--- WHAT YOU NEED TO DO ---
Repeat every record below exactly, leaving out the pictures.

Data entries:
────────────────────
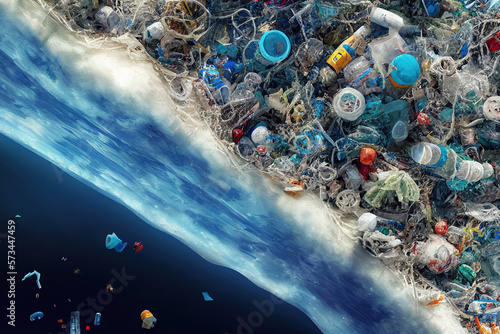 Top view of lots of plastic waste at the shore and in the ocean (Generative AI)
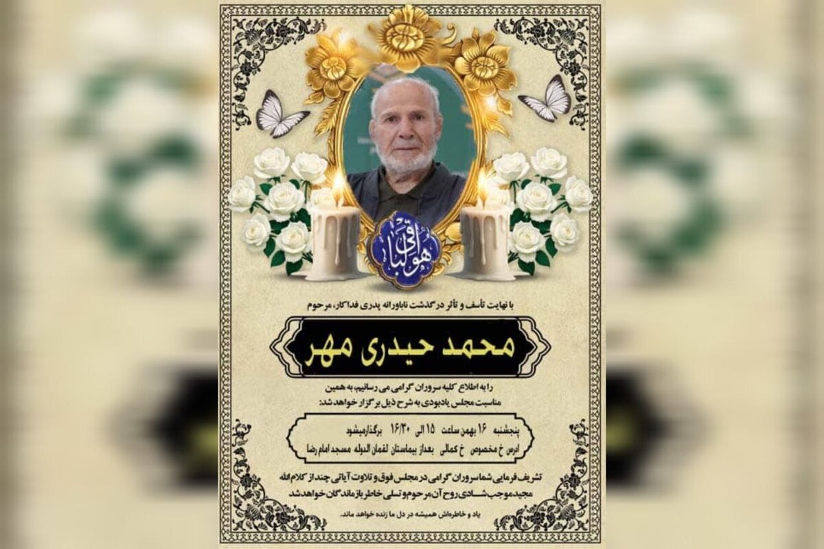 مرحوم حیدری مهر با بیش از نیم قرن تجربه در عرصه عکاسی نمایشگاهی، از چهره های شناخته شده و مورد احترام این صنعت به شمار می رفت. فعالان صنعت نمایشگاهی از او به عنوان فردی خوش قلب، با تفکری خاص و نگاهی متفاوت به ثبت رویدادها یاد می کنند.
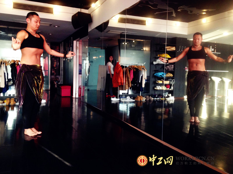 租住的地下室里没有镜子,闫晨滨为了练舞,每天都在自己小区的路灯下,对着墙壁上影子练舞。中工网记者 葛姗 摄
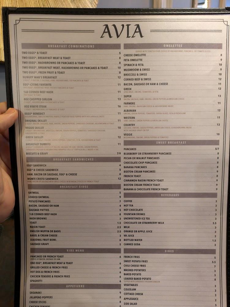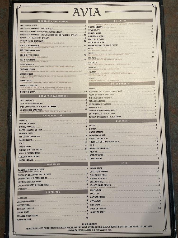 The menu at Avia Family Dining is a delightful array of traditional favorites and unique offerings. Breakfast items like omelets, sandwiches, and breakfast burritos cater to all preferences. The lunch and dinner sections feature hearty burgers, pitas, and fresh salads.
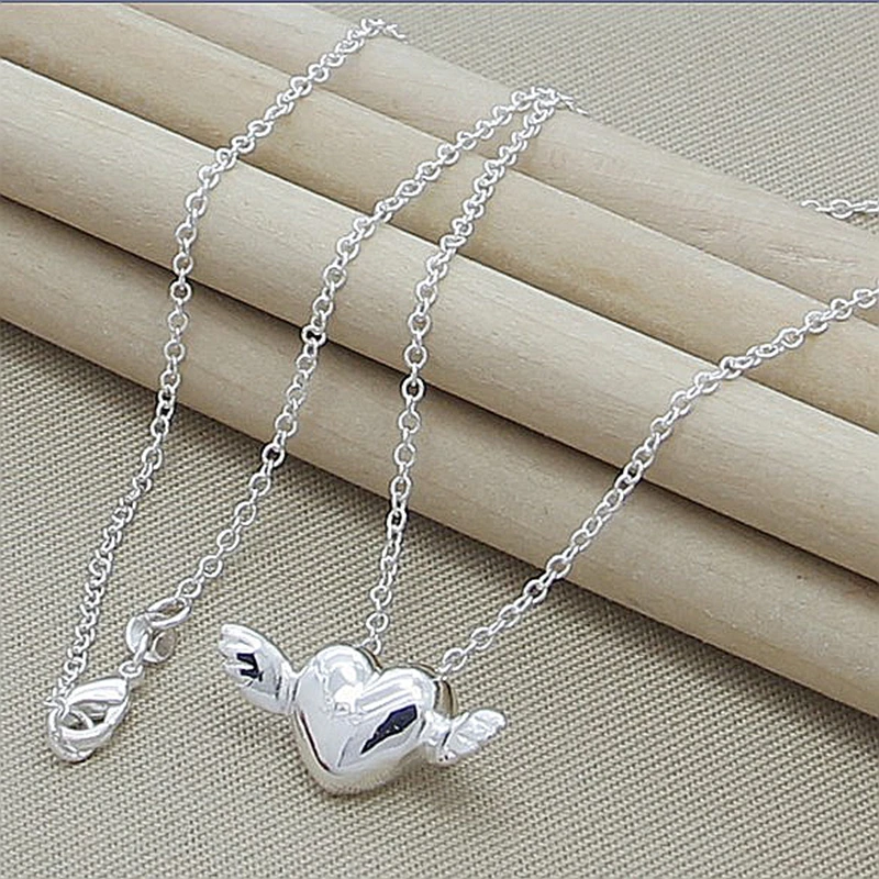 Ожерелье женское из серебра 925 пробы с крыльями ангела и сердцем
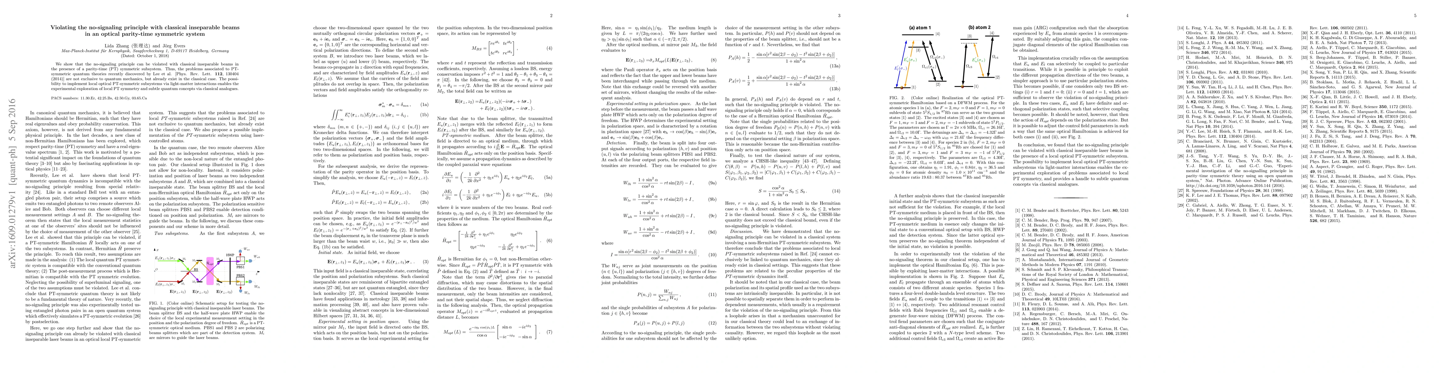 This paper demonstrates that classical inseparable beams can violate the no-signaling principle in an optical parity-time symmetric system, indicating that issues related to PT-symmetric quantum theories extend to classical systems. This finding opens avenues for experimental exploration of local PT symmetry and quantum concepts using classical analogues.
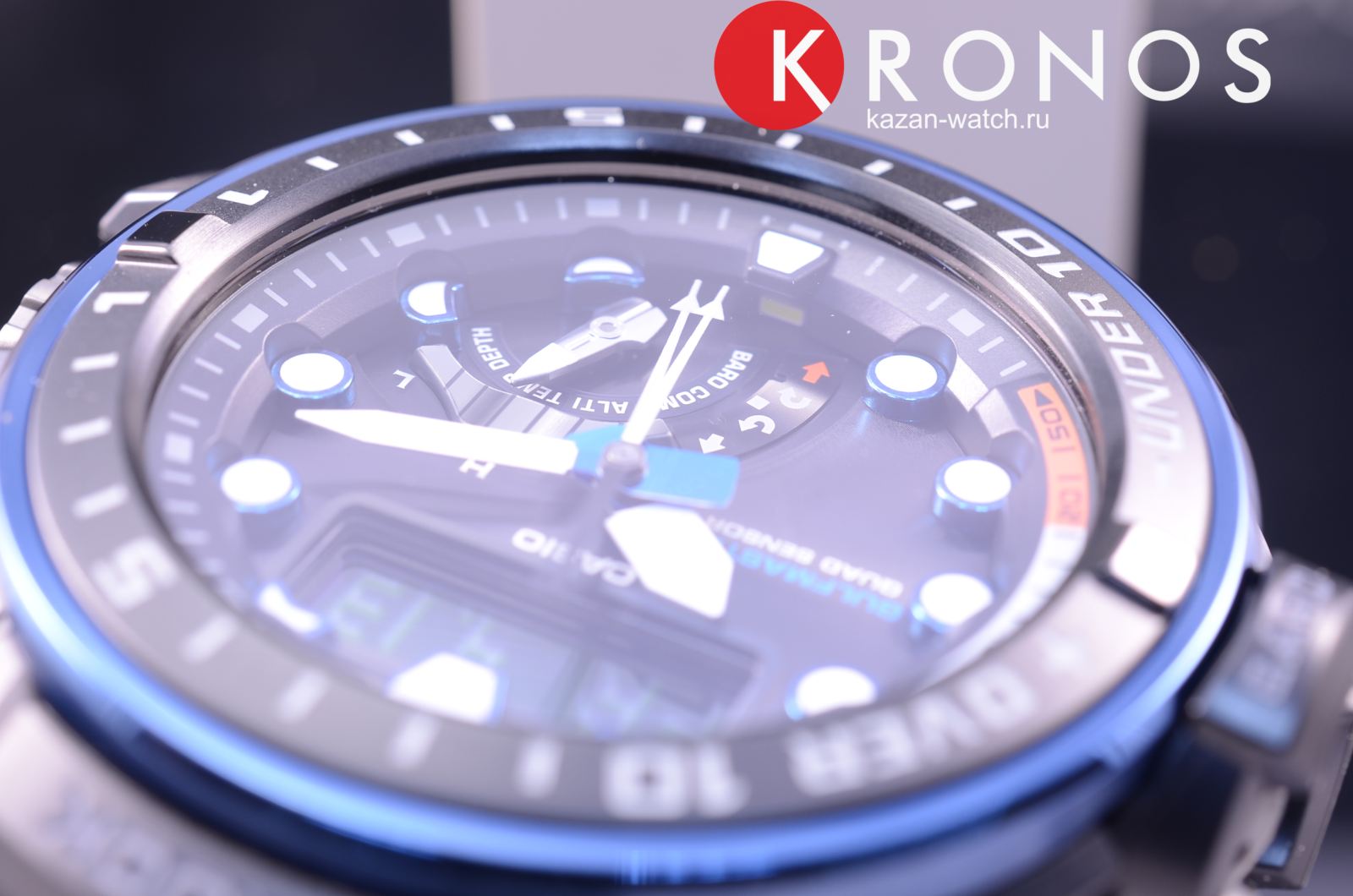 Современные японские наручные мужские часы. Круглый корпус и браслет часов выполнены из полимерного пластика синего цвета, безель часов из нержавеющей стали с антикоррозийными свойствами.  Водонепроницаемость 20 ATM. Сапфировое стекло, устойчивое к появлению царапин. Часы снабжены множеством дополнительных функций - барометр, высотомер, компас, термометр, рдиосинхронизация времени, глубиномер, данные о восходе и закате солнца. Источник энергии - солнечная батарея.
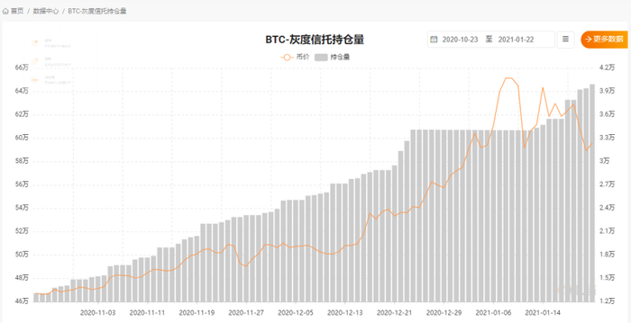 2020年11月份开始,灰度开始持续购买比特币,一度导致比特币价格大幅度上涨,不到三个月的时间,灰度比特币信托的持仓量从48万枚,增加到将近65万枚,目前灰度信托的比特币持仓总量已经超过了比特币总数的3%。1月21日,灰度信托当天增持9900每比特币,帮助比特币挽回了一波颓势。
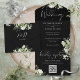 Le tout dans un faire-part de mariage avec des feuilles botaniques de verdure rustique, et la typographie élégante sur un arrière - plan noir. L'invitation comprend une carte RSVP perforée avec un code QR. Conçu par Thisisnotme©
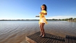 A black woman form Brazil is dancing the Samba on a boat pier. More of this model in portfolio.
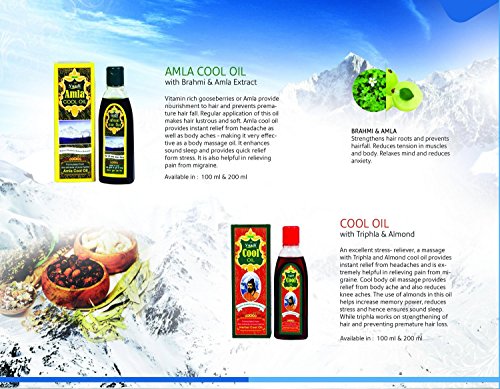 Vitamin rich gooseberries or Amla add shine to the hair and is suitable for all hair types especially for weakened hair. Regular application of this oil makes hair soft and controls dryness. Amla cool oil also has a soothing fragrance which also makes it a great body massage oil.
────────────────────
--- SOLUTION BELOW ---
 Top view of lots of plastic waste at the shore and in the ocean (Generative AI)
 مرحوم حیدری مهر با بیش از نیم قرن تجربه در عرصه عکاسی نمایشگاهی، از چهره های شناخته شده و مورد احترام این صنعت به شمار می رفت. فعالان صنعت نمایشگاهی از او به عنوان فردی خوش قلب، با تفکری خاص و نگاهی متفاوت به ثبت رویدادها یاد می کنند.
 租住的地下室里没有镜子,闫晨滨为了练舞,每天都在自己小区的路灯下,对着墙壁上影子练舞。中工网记者 葛姗 摄
 The menu at Avia Family Dining is a delightful array of traditional favorites and unique offerings. Breakfast items like omelets, sandwiches, and breakfast burritos cater to all preferences. The lunch and dinner sections feature hearty burgers, pitas, and fresh salads.
 Ожерелье женское из серебра 925 пробы с крыльями ангела и сердцем
 This paper demonstrates that classical inseparable beams can violate the no-signaling principle in an optical parity-time symmetric system, indicating that issues related to PT-symmetric quantum theories extend to classical systems. This finding opens avenues for experimental exploration of local PT symmetry and quantum concepts using classical analogues.
 Современные японские наручные мужские часы. Круглый корпус и браслет часов выполнены из полимерного пластика синего цвета, безель часов из нержавеющей стали с антикоррозийными свойствами.  Водонепроницаемость 20 ATM. Сапфировое стекло, устойчивое к появлению царапин. Часы снабжены множеством дополнительных функций - барометр, высотомер, компас, термометр, рдиосинхронизация времени, глубиномер, данные о восходе и закате солнца. Источник энергии - солнечная батарея.
 2020年11月份开始,灰度开始持续购买比特币,一度导致比特币价格大幅度上涨,不到三个月的时间,灰度比特币信托的持仓量从48万枚,增加到将近65万枚,目前灰度信托的比特币持仓总量已经超过了比特币总数的3%。1月21日,灰度信托当天增持9900每比特币,帮助比特币挽回了一波颓势。
 Le tout dans un faire-part de mariage avec des feuilles botaniques de verdure rustique, et la typographie élégante sur un arrière - plan noir. L'invitation comprend une carte RSVP perforée avec un code QR. Conçu par Thisisnotme©
 A black woman form Brazil is dancing the Samba on a boat pier. More of this model in portfolio.
 Vitamin rich gooseberries or Amla add shine to the hair and is suitable for all hair types especially for weakened hair. Regular application of this oil makes hair soft and controls dryness. Amla cool oil also has a soothing fragrance which also makes it a great body massage oil.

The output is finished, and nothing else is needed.